When sending an AIP to S3, is a copy of the AIP meant to stay in the server?

91 views
Skip to first unread message

Jarrod Harvey

unread,
Jan 6, 2019, 8:49:06 PM1/6/19
to archivematica
Hi all,

I am trying to learn the (relatively) new S3 integration functionality. I'm running the latest version of Archivematica on CentOS 7. I have a question relating to where AIPs go.

I currently have two AIPs in my environment, "Historical_Non_S3_Test0" (sent to local filesystem) and "S3_attempt2" (sent to S3).

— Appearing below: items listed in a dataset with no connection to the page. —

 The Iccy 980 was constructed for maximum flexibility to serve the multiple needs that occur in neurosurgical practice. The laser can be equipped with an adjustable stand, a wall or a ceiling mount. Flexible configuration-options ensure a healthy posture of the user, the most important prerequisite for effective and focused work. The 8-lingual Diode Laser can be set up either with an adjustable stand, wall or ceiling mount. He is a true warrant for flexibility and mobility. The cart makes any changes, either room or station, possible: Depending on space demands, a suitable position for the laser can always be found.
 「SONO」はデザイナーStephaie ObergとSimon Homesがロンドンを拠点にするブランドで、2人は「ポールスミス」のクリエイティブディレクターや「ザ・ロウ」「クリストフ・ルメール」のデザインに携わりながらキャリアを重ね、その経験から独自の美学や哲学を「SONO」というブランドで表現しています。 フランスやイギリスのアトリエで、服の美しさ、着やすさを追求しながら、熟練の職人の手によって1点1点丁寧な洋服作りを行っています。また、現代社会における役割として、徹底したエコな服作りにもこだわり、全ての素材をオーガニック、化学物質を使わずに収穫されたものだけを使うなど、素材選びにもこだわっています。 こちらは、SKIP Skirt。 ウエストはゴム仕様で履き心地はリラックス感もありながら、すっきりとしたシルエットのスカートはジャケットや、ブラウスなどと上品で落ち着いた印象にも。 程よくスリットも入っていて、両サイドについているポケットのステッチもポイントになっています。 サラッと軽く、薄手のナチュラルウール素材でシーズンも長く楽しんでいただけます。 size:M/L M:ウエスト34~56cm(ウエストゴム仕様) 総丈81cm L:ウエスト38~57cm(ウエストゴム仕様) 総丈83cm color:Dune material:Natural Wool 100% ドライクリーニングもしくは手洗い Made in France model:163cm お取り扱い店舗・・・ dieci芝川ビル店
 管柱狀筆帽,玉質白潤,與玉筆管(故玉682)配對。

Both were successful, and S3_attempt2 is now in S3.

However, here are the results of a local filesystem search.

[jarrodharvey@archivematica ~]$ sudo find / -iname "*Historical_Non_S3_Test0*"
/var/archivematica/sharedDirectory/watchedDirectories/SIPCreation/completedTransfers/Historical_Non_S3_Test0-12ecad40-bb79-458e-a471-4e901d86e593
/var/archivematica/sharedDirectory/www/AIPsStore/2322/02dd/bde2/4c94/8ccb/7a16/a9f8/8ee7/Historical_Non_S3_Test0-232202dd-bde2-4c94-8ccb-7a16a9f88ee7.7z
[jarrodharvey@archivematica ~]$ sudo find / -iname "*S3_attempt2*"
/var/archivematica/storage_service/tmp6eyRzc/215e/160d/3951/4433/8f14/44eb/0f03/d0e3/ASA2019_S3_attempt2-215e160d-3951-4433-8f14-44eb0f03d0e3.7z
/var/archivematica/sharedDirectory/watchedDirectories/SIPCreation/completedTransfers/ASA2019_S3_attempt2-16c8d2b4-b9ab-4dab-ad89-6bb131405456

"Historical_Non_S3_Test0" is, as expected, saved exactly where I specified in the local filesystem.

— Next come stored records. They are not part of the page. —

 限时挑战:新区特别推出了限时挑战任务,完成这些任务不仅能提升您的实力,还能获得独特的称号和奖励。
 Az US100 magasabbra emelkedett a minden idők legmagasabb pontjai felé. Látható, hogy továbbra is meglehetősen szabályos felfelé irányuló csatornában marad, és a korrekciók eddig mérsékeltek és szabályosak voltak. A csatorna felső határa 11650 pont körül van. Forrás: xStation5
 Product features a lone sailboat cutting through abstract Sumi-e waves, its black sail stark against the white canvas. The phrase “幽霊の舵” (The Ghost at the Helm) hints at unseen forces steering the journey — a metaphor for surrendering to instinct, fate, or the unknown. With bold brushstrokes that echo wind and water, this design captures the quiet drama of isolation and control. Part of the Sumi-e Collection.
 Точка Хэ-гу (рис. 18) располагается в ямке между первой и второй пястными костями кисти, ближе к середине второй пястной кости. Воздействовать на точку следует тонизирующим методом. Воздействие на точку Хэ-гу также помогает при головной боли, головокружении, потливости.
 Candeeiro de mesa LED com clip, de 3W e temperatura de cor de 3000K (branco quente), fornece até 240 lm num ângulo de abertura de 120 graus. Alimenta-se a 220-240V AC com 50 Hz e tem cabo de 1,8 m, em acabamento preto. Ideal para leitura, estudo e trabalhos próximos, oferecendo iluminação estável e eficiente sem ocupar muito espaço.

However, the "S3_attempt2" AIP is saved in the local filesystem at /var/archivematica/storage_service/tmp6eyRzc as well as S3.

I'm guessing "tmp" in the file path means that it will only be in place temporarily. Or am I wrong - will the AIP remain in the local filesystem permanently?

- Jarrod


Jarrod Harvey

unread,
Jan 7, 2019, 11:59:36 PM1/7/19
to archivematica
I just ran a fixity check. It looks like the AIP was downloaded from S3 to perform the check, which makes sense.

[jarrodharvey@archivematica ~]$ sudo find / -iname "*S3_attempt2*"
/var/archivematica/storage_service/tmp6eyRzc/215e/160d/3951/4433/8f14/44eb/0f03/d0e3/ASA2019_S3_attempt2-215e160d-3951-4433-8f14-44eb0f03d0e3.7z
/var/archivematica/storage_service/tmpdMMUvo/215e/160d/3951/4433/8f14/44eb/0f03/d0e3/ASA2019_S3_attempt2-215e160d-3951-4433-8f14-44eb0f03d0e3.7z
/var/archivematica/sharedDirectory/watchedDirectories/SIPCreation/completedTransfers/ASA2019_S3_attempt2-16c8d2b4-b9ab-4dab-ad89-6bb131405456
[jarrodharvey@archivematica ~]$ sudo find / -iname "*S3_attempt2*" -cmin -30
/var/archivematica/storage_service/tmpdMMUvo/215e/160d/3951/4433/8f14/44eb/0f03/d0e3/ASA2019_S3_attempt2-215e160d-3951-4433-8f14-44eb0f03d0e3.7z

Is it safe to delete any of these "tmp" folders? If not, when do they get cleaned up?

- Jarrod

aipodd...@gmail.com

unread,
Jan 11, 2019, 5:44:25 AM1/11/19
to archivematica
Hi Jarrod,

what is this "(relatively) new S3 integration functionality." you speak of.

Regards

Dave Bonde

Jarrod Harvey

unread,
Jan 11, 2019, 5:55:09 AM1/11/19
to archivematica
Hi Dave,

Amazon S3 has been available as an access protocol as of Storage Service 0.12.

https://www.archivematica.org/en/docs/storage-service-0.13/administrators/

Kind regards,
Jarrod

rspe...@artefactual.com

unread,
Jan 14, 2019, 9:07:20 AM1/14/19
to archivematica
Hi Jarrod,

Thank you for opening up the discussion here. 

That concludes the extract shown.